Quincredible is a special kind of superhero narrative that stands above the rest. This isn’t just about cool powers and epic feats of strength. It’s about learning right from wrong and helping to transform society into an ideal that doesn’t always seem possible. We see Quin’s growth, not only as a superhero but as a young man in a community that’s filled with violence and oppression. The rich vs poor mentality of our modern day society has forced so many to survive by their own means and sending everyone to jail doesn’t solve the problem. It’s not just superpowers, it’s activism at the core with the betterment of community in mind. This is a powerful narrative that’s right at home in a comic series. This is what superhero comics should be. Saving the world from otherworldly forces is necessary, but fighting the fight at home is more necessary than ever. If our world isn’t inclusive of everyone, how can we band together against greater enemies?

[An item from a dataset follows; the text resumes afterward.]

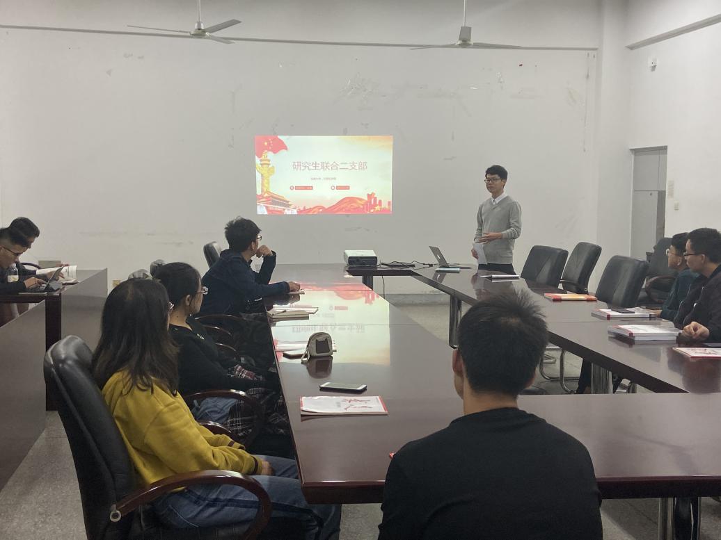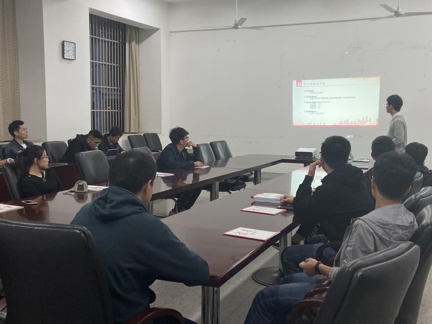 首先介绍了研究生联合二支部的基本情况,截止2019年10月31日,支部共有中共党员28人,其中正式党员21人,预备党员2人,积极分子5人。赵满同志担任支部书记,杜一鸣同志担任支部副书记,陆志成同志担任组织委员,刘玉章同志担任宣传委员。同时本支部也根据导师和实验室划分了4个党小组,进行科学管理。并且成立了QQ群,方便同志们线上交流学习,分享学习心得。党支部书记赵满同志也对党支部的事务做了介绍,主要包括“三会一课”制度和定期组织大家一起学习的活动。

I love watching the journey of a superhero early in the game. For Quin, his true power isn’t unlocked until he changes the narrative he’s been telling himself. At first, he sees his invincibility as a means of getting bullied relentlessly. Eventually, he comes to realize it’s a way for him to fight back for the innocent. His journey of self discovery is extremely grounded and realistic.
The artwork is phenomenal, paying special attention to detail. The artist is in tune with the struggles of Quin’s home and the poverty affecting his surroundings. We see that in every little detail, from the sagging roofs to the deteriorating streets. That sense of neglect is present and it paints a solid picture of the world Quin decides to not only protect but improve.
Overall, Quincredible is a superb superhero story that touches on what it means to be a hero. The morality of doing good is examined in depth and it serves as an inspiration for characters and readers alike.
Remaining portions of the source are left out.